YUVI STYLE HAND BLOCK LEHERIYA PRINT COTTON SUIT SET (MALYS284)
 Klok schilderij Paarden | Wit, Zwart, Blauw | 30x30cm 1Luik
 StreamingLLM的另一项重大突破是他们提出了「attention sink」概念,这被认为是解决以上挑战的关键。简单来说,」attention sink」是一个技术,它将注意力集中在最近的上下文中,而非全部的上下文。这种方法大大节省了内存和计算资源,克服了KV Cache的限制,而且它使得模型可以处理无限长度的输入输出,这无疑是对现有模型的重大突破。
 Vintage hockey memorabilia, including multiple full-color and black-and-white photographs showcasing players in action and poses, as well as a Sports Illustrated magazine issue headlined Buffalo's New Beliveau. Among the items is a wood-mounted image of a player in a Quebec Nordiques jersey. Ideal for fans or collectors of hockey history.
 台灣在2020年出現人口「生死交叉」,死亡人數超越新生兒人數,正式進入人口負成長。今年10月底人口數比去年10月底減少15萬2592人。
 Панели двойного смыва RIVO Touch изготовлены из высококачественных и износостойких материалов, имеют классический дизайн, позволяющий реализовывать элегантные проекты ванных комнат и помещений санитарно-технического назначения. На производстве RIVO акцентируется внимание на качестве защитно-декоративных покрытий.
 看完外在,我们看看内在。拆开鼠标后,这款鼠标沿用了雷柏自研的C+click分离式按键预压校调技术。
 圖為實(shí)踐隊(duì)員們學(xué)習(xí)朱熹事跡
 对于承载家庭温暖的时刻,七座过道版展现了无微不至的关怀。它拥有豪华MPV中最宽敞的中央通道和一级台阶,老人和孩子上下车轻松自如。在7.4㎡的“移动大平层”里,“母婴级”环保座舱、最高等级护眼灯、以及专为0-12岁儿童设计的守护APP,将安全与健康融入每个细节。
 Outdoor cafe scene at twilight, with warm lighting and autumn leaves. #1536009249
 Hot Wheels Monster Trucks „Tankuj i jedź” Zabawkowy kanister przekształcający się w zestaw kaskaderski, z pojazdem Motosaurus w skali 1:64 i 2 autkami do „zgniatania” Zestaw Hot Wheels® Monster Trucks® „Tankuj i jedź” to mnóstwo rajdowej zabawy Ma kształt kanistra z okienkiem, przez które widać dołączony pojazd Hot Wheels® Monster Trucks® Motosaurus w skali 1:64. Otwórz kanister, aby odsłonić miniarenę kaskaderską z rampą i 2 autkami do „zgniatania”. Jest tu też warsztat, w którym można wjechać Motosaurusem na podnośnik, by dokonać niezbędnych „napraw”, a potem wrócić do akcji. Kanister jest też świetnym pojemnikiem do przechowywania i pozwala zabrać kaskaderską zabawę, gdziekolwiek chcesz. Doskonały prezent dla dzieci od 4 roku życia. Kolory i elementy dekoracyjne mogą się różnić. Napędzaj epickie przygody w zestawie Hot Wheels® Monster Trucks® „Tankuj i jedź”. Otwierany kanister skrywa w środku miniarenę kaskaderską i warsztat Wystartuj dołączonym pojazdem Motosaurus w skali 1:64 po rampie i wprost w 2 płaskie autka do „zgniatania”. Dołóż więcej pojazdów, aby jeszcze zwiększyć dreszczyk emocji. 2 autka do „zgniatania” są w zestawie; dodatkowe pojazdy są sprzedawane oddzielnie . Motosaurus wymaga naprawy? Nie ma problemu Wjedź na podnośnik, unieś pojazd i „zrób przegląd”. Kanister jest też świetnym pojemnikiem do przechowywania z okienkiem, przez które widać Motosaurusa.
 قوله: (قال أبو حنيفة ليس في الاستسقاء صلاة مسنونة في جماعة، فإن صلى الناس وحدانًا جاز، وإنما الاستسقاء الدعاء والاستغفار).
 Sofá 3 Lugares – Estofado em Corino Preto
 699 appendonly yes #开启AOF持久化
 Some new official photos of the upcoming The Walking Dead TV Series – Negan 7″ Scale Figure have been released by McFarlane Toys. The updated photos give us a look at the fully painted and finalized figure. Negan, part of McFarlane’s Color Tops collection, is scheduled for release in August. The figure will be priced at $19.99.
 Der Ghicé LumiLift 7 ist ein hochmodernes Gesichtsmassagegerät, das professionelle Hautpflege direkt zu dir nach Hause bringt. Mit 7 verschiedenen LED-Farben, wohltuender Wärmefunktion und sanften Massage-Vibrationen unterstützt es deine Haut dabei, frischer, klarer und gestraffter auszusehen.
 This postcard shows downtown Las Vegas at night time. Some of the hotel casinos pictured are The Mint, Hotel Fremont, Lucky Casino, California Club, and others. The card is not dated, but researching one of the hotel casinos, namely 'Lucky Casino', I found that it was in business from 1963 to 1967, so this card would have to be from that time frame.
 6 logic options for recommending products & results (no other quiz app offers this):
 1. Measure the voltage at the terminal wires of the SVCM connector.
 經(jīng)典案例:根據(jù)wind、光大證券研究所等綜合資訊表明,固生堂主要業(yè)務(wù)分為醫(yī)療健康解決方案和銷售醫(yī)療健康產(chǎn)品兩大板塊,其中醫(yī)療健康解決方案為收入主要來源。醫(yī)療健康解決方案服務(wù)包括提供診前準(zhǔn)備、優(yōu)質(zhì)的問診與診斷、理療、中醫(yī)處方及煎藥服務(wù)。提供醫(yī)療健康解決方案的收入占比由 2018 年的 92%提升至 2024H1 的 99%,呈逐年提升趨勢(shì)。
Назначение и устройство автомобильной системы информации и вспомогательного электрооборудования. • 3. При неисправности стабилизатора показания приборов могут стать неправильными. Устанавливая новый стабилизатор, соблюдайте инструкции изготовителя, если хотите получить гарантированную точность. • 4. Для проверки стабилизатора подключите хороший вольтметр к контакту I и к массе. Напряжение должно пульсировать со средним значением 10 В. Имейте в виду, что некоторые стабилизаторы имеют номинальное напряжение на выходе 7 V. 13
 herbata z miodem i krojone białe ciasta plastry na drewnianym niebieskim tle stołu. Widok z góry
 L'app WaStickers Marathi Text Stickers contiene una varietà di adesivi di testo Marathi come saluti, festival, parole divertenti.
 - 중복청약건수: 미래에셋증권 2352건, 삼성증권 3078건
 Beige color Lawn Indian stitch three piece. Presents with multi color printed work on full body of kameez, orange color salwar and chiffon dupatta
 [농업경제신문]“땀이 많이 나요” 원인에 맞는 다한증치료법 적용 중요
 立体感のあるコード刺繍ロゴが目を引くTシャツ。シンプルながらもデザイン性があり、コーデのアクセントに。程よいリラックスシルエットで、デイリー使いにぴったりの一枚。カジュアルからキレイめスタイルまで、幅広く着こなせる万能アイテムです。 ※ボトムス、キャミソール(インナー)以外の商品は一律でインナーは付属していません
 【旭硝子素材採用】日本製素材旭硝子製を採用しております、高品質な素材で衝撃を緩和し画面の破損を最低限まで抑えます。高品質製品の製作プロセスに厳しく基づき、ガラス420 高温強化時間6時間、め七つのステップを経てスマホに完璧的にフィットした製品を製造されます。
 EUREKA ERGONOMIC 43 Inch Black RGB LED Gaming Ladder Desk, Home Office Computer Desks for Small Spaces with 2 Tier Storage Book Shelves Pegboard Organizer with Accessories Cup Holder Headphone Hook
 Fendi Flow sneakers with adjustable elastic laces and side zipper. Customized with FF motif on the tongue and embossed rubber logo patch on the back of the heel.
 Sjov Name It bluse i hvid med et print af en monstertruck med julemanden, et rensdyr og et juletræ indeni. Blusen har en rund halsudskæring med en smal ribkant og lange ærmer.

::::::::

== TRY IT ==
What is the number of lines in the listing above that contain the word "Some"? Reply with that number alone.

== ANSWER TO THIS TASK ==
2